= ABOUT THIS EXERCISE =
The full listing should be written out verbatim, and its images should be dropped.

= DATA EXTRACT =

- - - - -

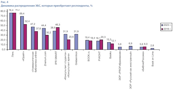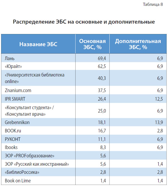 По оценке респондентов, ЭБС Лань, «Юрайт» и IPR SMART остаются ведущими игрока рынка отечественных ЭБС по охвату вузовских библиотек. В целом анализ позволяет говорить о том, что сохранили лидерские позиции, увеличили глубину проникновения на рынок крупные агрегаторы, которые реализуют образовательные инициативы, проводят профессиональные конкурсы и конференции, организуют сетевые комьюнити, в общем активно взаимодействуют с профессиональным сообществом.
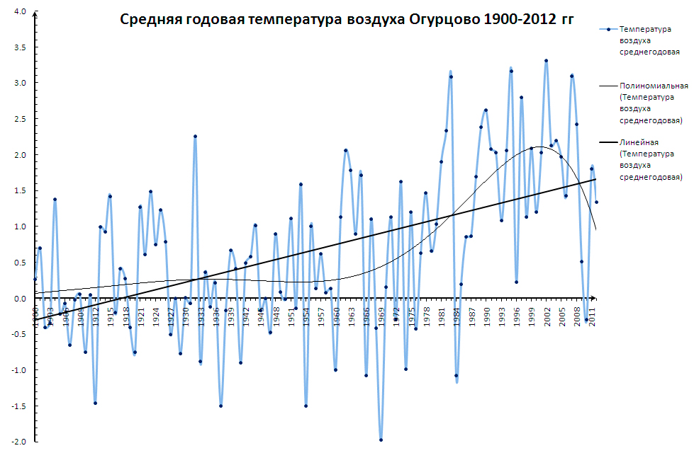 Несмотря на аномально жаркое лето, теплую весну и осень, среднегодовая температура 2012 г. в Новосибирске (по данным агрометеорологической станции Огурцово) оказалась на 0,5 С ниже, чем в 2011 г., и составила 1,3 С, что около нормы. Поэтому, нелинейная кривая тренда среднегодовой температуры, построенная климатологами Новосибирского Гидрометцентра, пока указывает на нисходящую фазу векового хода температуры (см. график). Вместе с тем, линейный тренд по-прежнему соответствует предположению о продолжающемся потеплении климата.
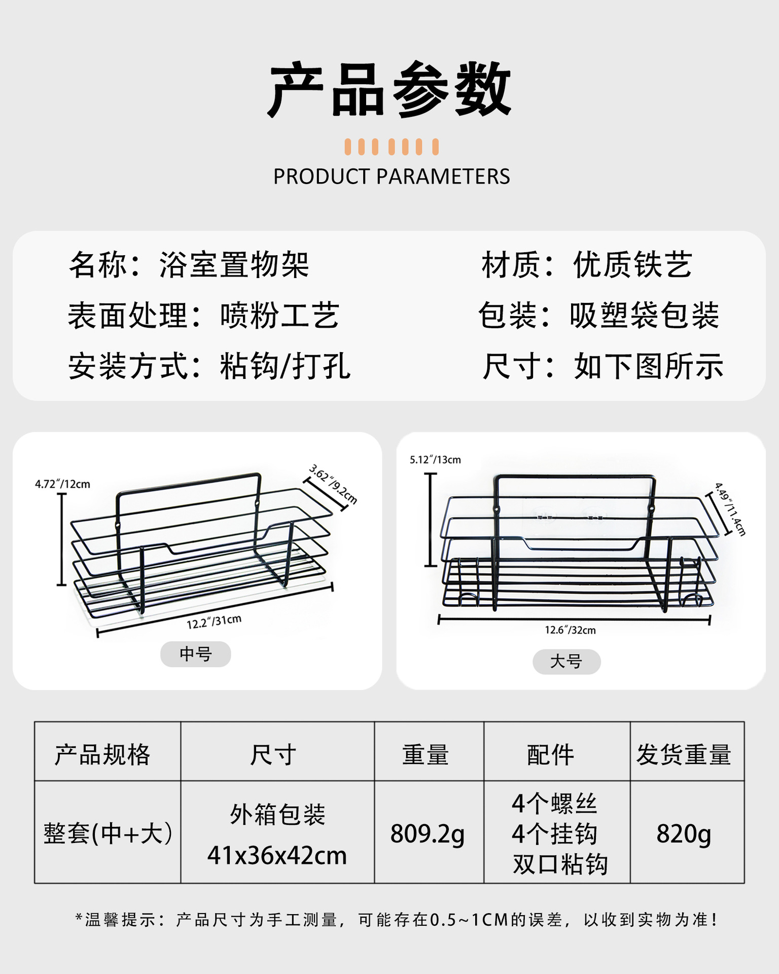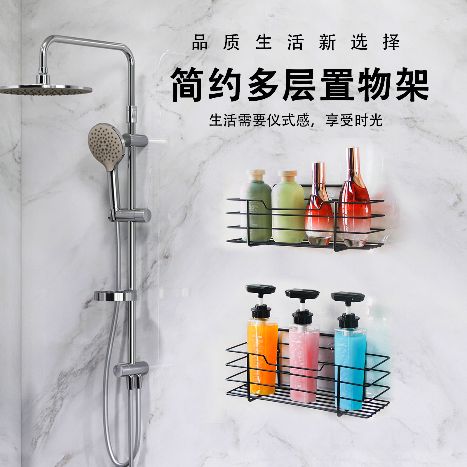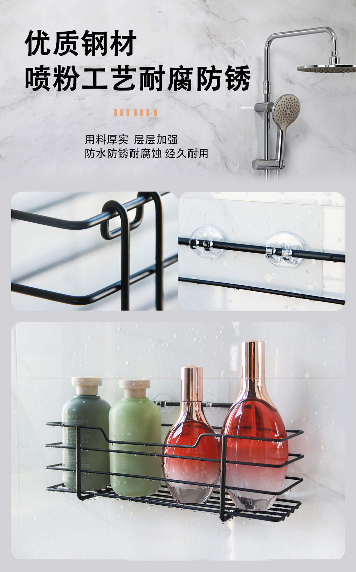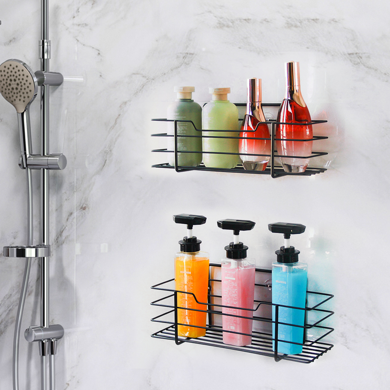 クロスボーダー専用炭素鋼セット浴室収納棚穴なし収納棚浴室収納バスケット1 + 1 2個セット

- - - - -

= RESPONSE BOX =
 По оценке респондентов, ЭБС Лань, «Юрайт» и IPR SMART остаются ведущими игрока рынка отечественных ЭБС по охвату вузовских библиотек. В целом анализ позволяет говорить о том, что сохранили лидерские позиции, увеличили глубину проникновения на рынок крупные агрегаторы, которые реализуют образовательные инициативы, проводят профессиональные конкурсы и конференции, организуют сетевые комьюнити, в общем активно взаимодействуют с профессиональным сообществом.
 Несмотря на аномально жаркое лето, теплую весну и осень, среднегодовая температура 2012 г. в Новосибирске (по данным агрометеорологической станции Огурцово) оказалась на 0,5 С ниже, чем в 2011 г., и составила 1,3 С, что около нормы. Поэтому, нелинейная кривая тренда среднегодовой температуры, построенная климатологами Новосибирского Гидрометцентра, пока указывает на нисходящую фазу векового хода температуры (см. график). Вместе с тем, линейный тренд по-прежнему соответствует предположению о продолжающемся потеплении климата.
 クロスボーダー専用炭素鋼セット浴室収納棚穴なし収納棚浴室収納バスケット1 + 1 2個セット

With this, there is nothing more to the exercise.